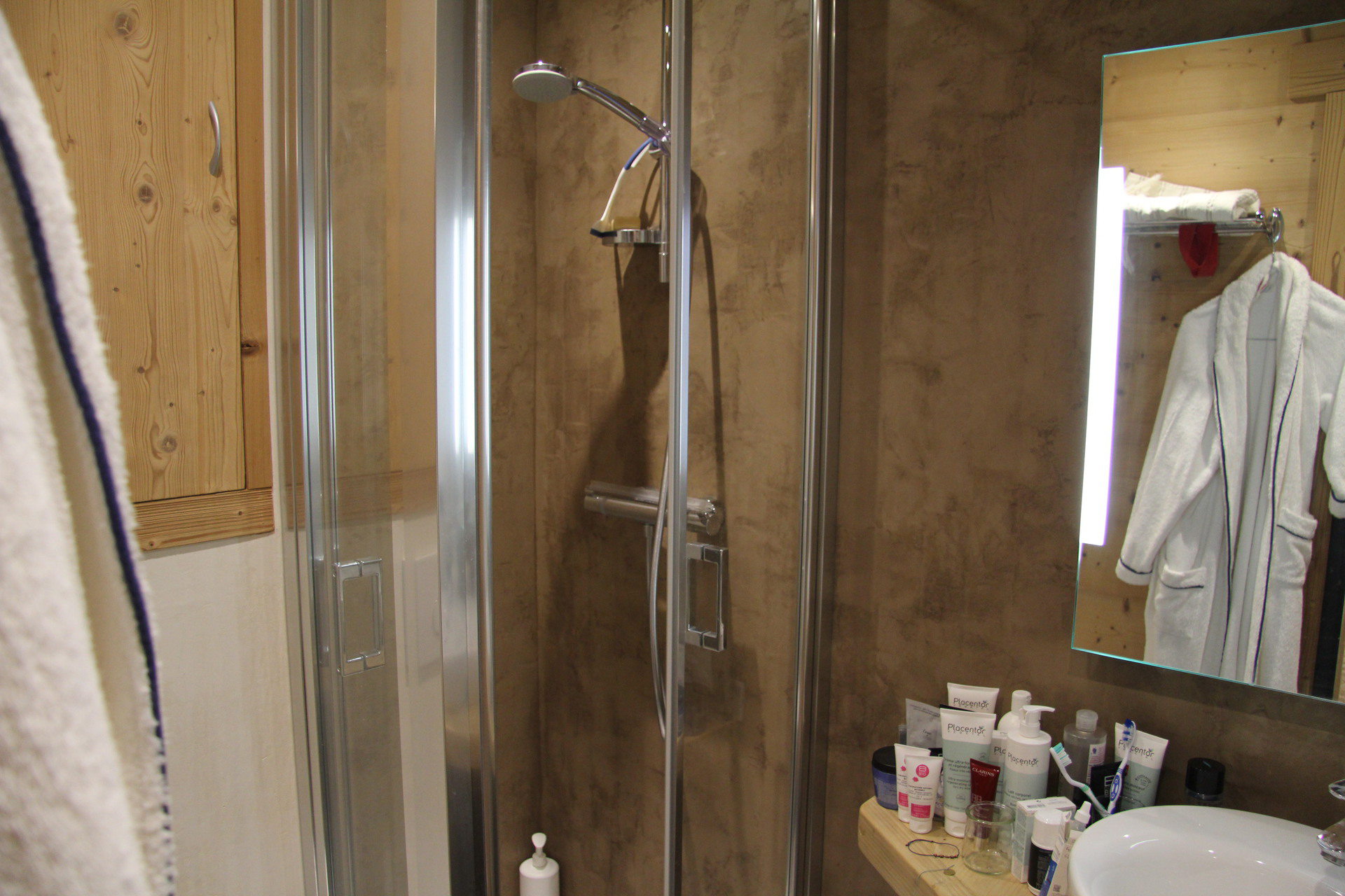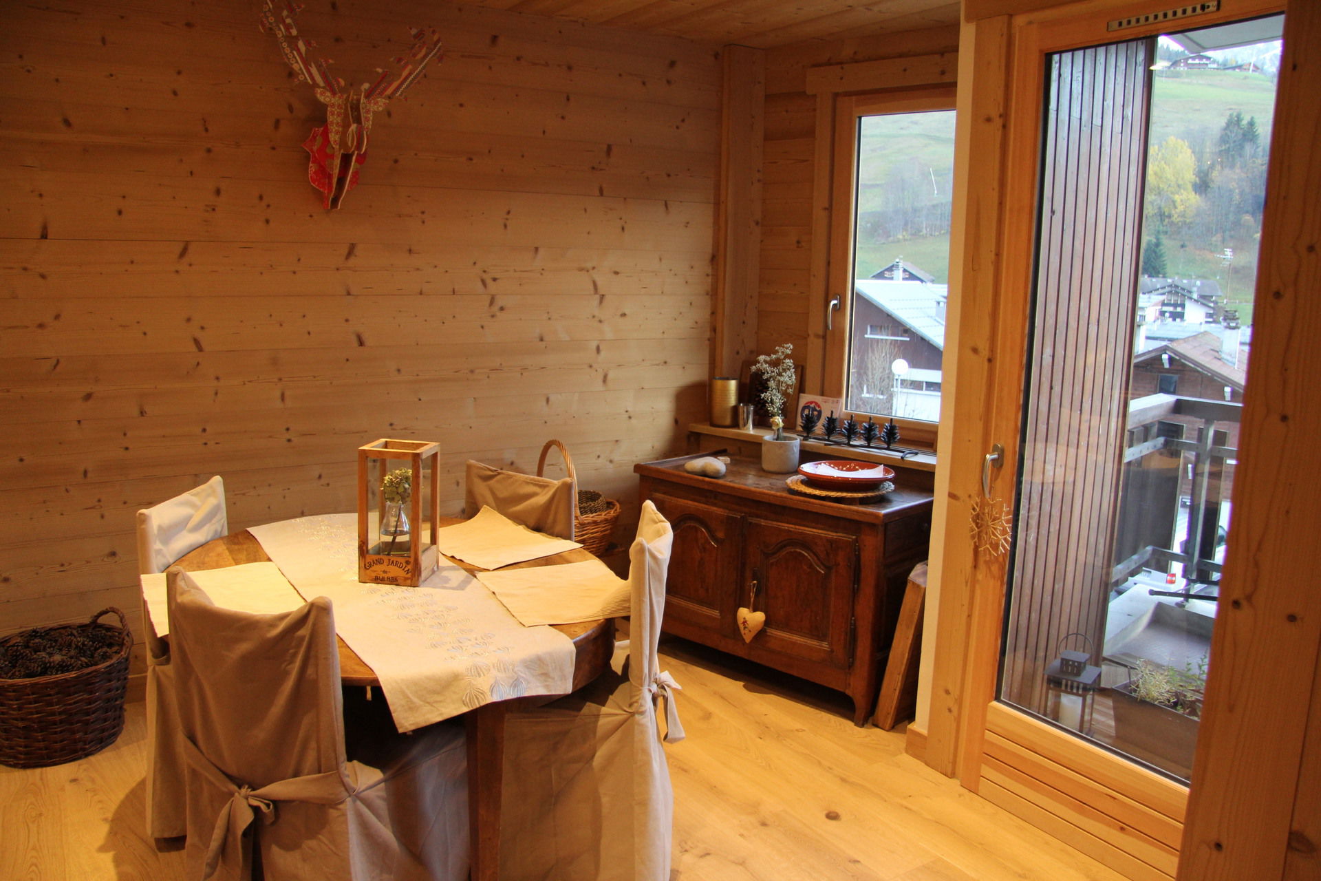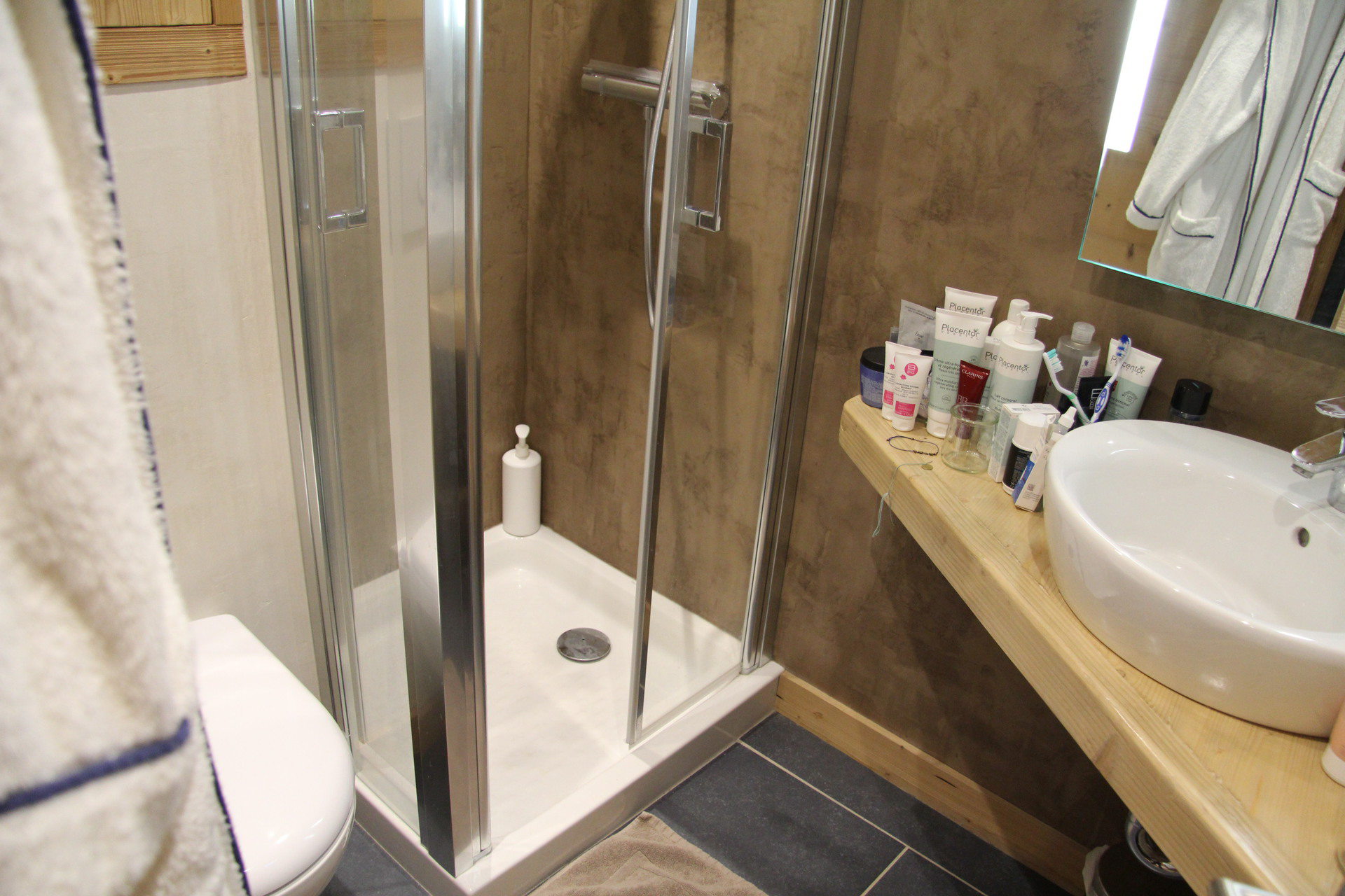 Entrée/Hall - Chambre 1 (10 m²) : Lit, penderie, placard (lave-linge – sèche-linge), fenêtre nord avec vue sur le bâtiment, salle d'eau attenante avec douche, lavabo et wc - Chambre 2 (9 m²) : Lit, porte fenêtre accès balcon et terrasse sud et ouest, vue sur le village et les pistes, penderie, TV, salle d'eau attenante avec douche, lavabo et wc - Coin nuit (9m²) : Lits, fenêtre ouest vue bâtiment, penderie, salle d'eau attenante avec douche à l'italienne, petit lavabo - Couloir avec penderie desservant : WC - Grand Séjour (25 m²) avec Coin salon : Canapé, fauteuils, table de salon, coin feu avec Poêle, TV, porte fenêtre accès balcon sud avec vue sur le village et les pistes - Coin repas : Table et chaises - Coin cuisine équipée : Four, micro-ondes, lave-vaisselle, réfrigérateur, plaque induction 3 feux, Cafetière Nespresso, porte fenêtre accès balcon sud avec vue sur le village et les pistes.
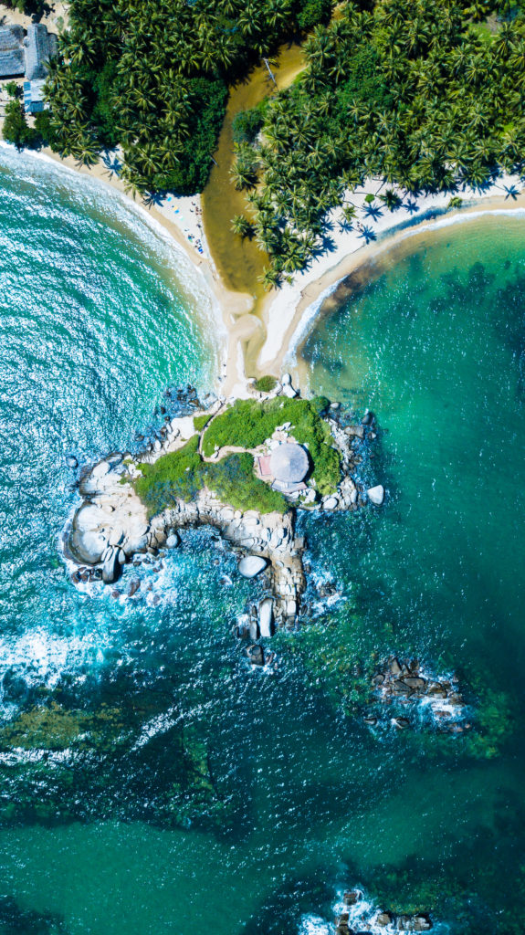 The coast line of Colombia’s northern ocean. An aerial view of Cabo San Juan del Guia in Tayrona National Park, Colombia ID: 32074
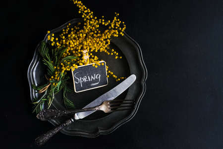 Table setting with vintage empty black plate on rustic wood. Dark background. Top view. Copy space
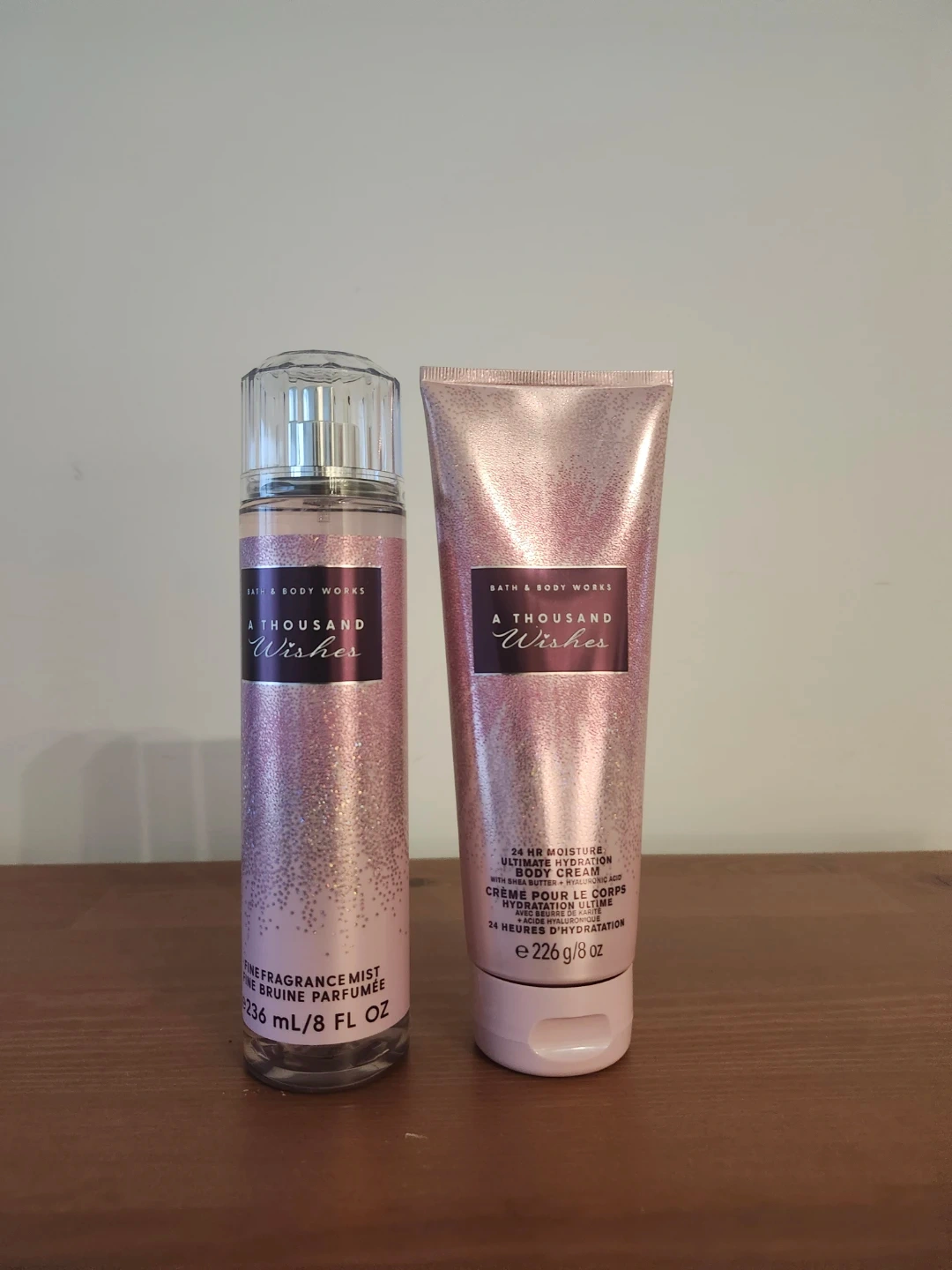 Giving a Bath & Body Works set in the A Thousand Wishes scent! It includes a fine fragrance mist (236 mL/8 fl oz) and an ultimate hydration body cream (226 g/8 oz). Both are perfect for adding a touch of sparkle and fragrance to your day.

━━━━━━━━━━━━━━━━━━━━

• [Description of the task] The data above should be restated exactly, with its images dropped.

• [Response to the task]
 Entrée/Hall - Chambre 1 (10 m²) : Lit, penderie, placard (lave-linge – sèche-linge), fenêtre nord avec vue sur le bâtiment, salle d'eau attenante avec douche, lavabo et wc - Chambre 2 (9 m²) : Lit, porte fenêtre accès balcon et terrasse sud et ouest, vue sur le village et les pistes, penderie, TV, salle d'eau attenante avec douche, lavabo et wc - Coin nuit (9m²) : Lits, fenêtre ouest vue bâtiment, penderie, salle d'eau attenante avec douche à l'italienne, petit lavabo - Couloir avec penderie desservant : WC - Grand Séjour (25 m²) avec Coin salon : Canapé, fauteuils, table de salon, coin feu avec Poêle, TV, porte fenêtre accès balcon sud avec vue sur le village et les pistes - Coin repas : Table et chaises - Coin cuisine équipée : Four, micro-ondes, lave-vaisselle, réfrigérateur, plaque induction 3 feux, Cafetière Nespresso, porte fenêtre accès balcon sud avec vue sur le village et les pistes.
 The coast line of Colombia’s northern ocean. An aerial view of Cabo San Juan del Guia in Tayrona National Park, Colombia ID: 32074
 Table setting with vintage empty black plate on rustic wood. Dark background. Top view. Copy space
 Giving a Bath & Body Works set in the A Thousand Wishes scent! It includes a fine fragrance mist (236 mL/8 fl oz) and an ultimate hydration body cream (226 g/8 oz). Both are perfect for adding a touch of sparkle and fragrance to your day.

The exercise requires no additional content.